Yakın dönemlere kadar; tartıdaki bir gram eksiklikten dolayı vicdan azabı duyan, haksız yere cebine giren bir lira için uykusu kaçan ‘hacı amca’nın alıp sattığı malı da belirleyen üretim biçimleri, üretim ilişkileri, talep denen şeyin üretilişi, emek, pazar, sermayenin dolaşımı ve birikimi vb. şeyler konusunda neden hassas olmadığını sık sık sorardık. Bu durum insanımızın samimiyetsiz olmasından mı kaynaklanıyordu acaba? Hadisenin dindar bireyler bazında sadece samimiyetle alakalı olmadığı açıktır. Geçmişte dindar insanlarımızın küçük, tali konularda kılı kırk yararcasına fıkhi hassasiyet gösterirken kapitalizmi hiç görmemesi rahatsız edici iken bugün o hassasiyet bile epey yara aldı. Şimdi helal ve haramın neredeyse birey tarafından tanımlandığı, değerler alanının ve yaşam fıkhının birey tarafından tanımlandığı zamana geldik. Dolayısıyla bugün çok daha rahatsız edici bir süreç yaşanıyor. Kredi, faiz vb. örneklerde olduğu gibi maalesef birçok Müslüman hassasiyet sahibi olmayı çoktan unutmuş durumda. Tüketim ideolojisinin sihirli sözcüğü olan sınırsız, bitimsiz “ihtiyaç” geçmişte hoş karşılanmayan, uzak durulan şeyleri yakınlaştırdı. (Hocasının, şeyhinin jet-skiye binmesine ses çıkar(a)mayan cemaat doğal olarak dergisinin ofisinde Mustafa Kemal köşesi açılmasına da razı olma noktasına geliyor!) Dün yer sofrasında yemek, mikrofonsuz konuşma, evde reçel yapma, Abdulkadir es-Sufi örneklerinin yani kapitalizmi sadece araçlar üzerinden düşünmenin yeterli ve sahici çözüm olmadığı da bugün açık bir şekilde ortaya çıkmıştır.

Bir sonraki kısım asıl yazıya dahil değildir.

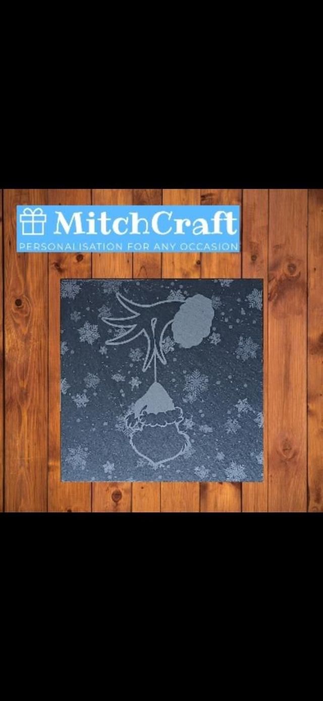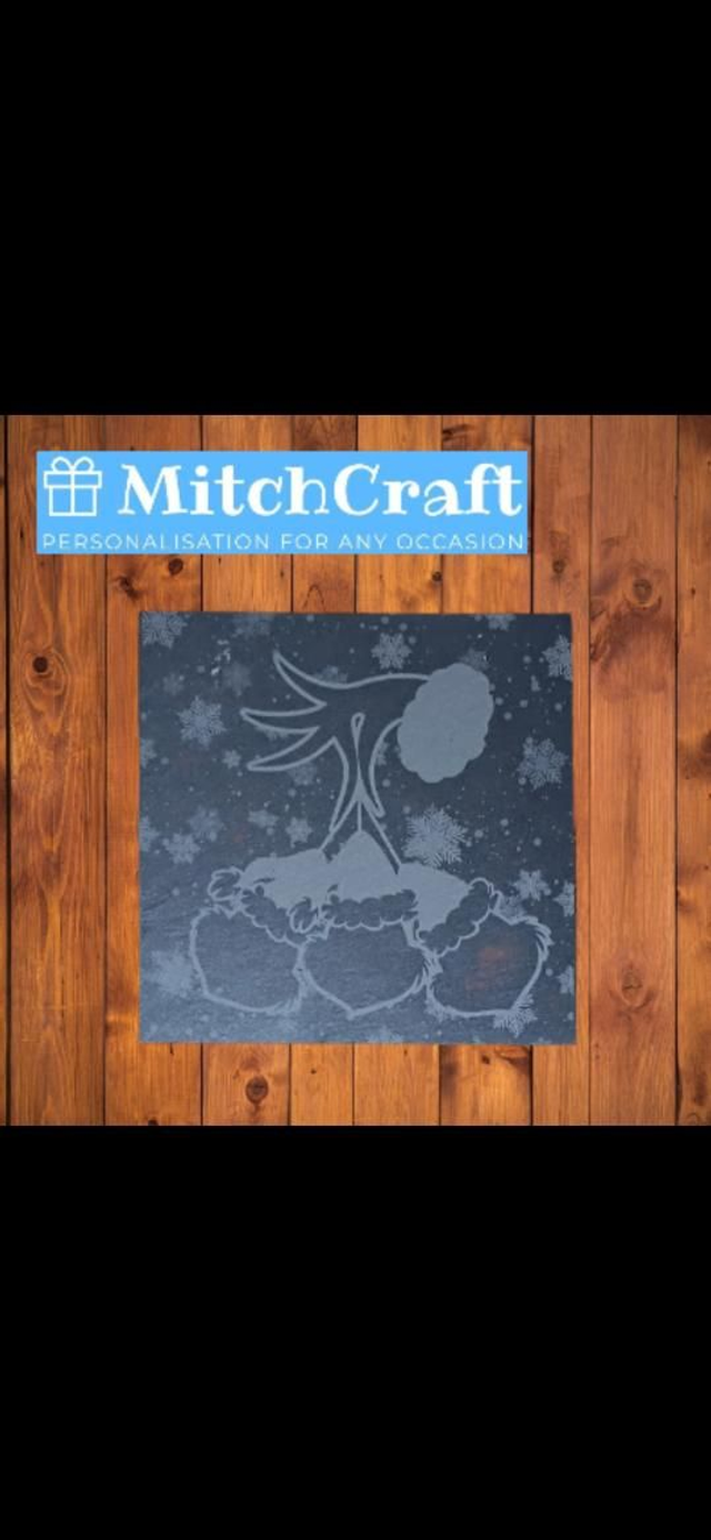 High precision laser engraved personalised Grinchmas slate coasters the perfect addition to any home this Christmas.

Yaşanan sıkıntıların sadece Türkiye’yle sınırlı olmadığını da belirtmek gerekiyor. Ta başından itibaren Türkiye’de ve İslam dünyasındaki diğer cemaatlerin gündemlerinde kapitalizm diye bir mesele ya da içeriği derinlikli bir şekilde doldurulan bir başlık yoktu. Yayınlanan kitaplara bakıldığında da bu durum anlaşılabilir. Ali Şeriati’nin “Kapitalizm”, Seyyid Kutub’un “İslam ve Kapitalizm Çatışması”, Muhammed Bakır es-Sadr’ın “İslam Ekonomi Doktrini” ve Muhammed Necatullah Sıddıki’nin “İslam Ekonomi Düşüncesi” kitapları dışında müstakil eserlerin olmayışı bu duruma örnek gösterilebilir.

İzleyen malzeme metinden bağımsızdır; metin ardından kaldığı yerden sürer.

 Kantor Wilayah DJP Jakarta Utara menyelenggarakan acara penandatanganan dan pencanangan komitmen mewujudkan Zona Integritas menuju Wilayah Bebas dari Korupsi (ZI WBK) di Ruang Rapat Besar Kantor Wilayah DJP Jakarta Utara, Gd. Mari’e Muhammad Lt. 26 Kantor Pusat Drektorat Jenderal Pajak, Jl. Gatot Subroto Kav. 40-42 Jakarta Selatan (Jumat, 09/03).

Kapitalizmin bir ideoloji olduğu; insanın bedeninden oturduğu mekâna, kullandığı araçlardan sahip olduğu zamana kadar her şeye talip olduğunu, bunlara rengini vermeye çalıştığına, sorunlarımızın yerel olmadığına en iyi örnek İslam devriminin gerçekleştiği İran verilebilir. Mekân tasavvuruna bir örnek olarak İran’da evlerin bir taklit ve özentiyle Amerikan tipi “açık mutfak” şeklinde yapılmasının yaygın olması, aynı şekilde adeta önemli bir ameli gerçekleştirme havasında ailece, her yerde bulunan ‘çakma’ hamburger salonlarına gitmeleri enteresan bir görüntü oluşturuyor. Hakeza kapitalist kültürün sembollerinden olan Coca Cola’ya karşı üretilen “Zemzem Cola” tüketimi de çok yaygın. Tam da Daryush Shayegan’ın bahsettiği “kültürel şizofreni” durumu yani. Hem zemzem hem cola!

Üçüncü Kırılma: 28 Şubat Süreci ve AK Parti İktidarı

28 Şubat öncesi süreçte Türkiye’de siyasi yönü ağırlıklı cemaatlerde yerel ve küresel sisteme karşı ideolojik söylem, kapitalist tüketim kültürünü zayıflatacak derinlik ve pratiği üretemiyordu. Aksine yıllardır bu “nimetlerden” mahrum kalma hayıflanmasıyla rüştünü ispat çabası, olacakların hangi minvalde seyredeceğini gösteriyordu adeta. 28 Şubat’ta yaşanan teorik-pratik yenilgi sonrası AK Parti süreci ise bu nimetlere farklı, zahmetsiz, risksiz ve daha kısa sürede gelinebileceğini gösterdi. Geçmişte geleneksel, muhafazakâr cemaatlerden farklı Milli Görüş geleneğine soğuk ve mesafeli cemaatlerin AK Parti sürecine eklemlenmesinin en önemli sebebi bu yeni siyasal strateji olsa gerek.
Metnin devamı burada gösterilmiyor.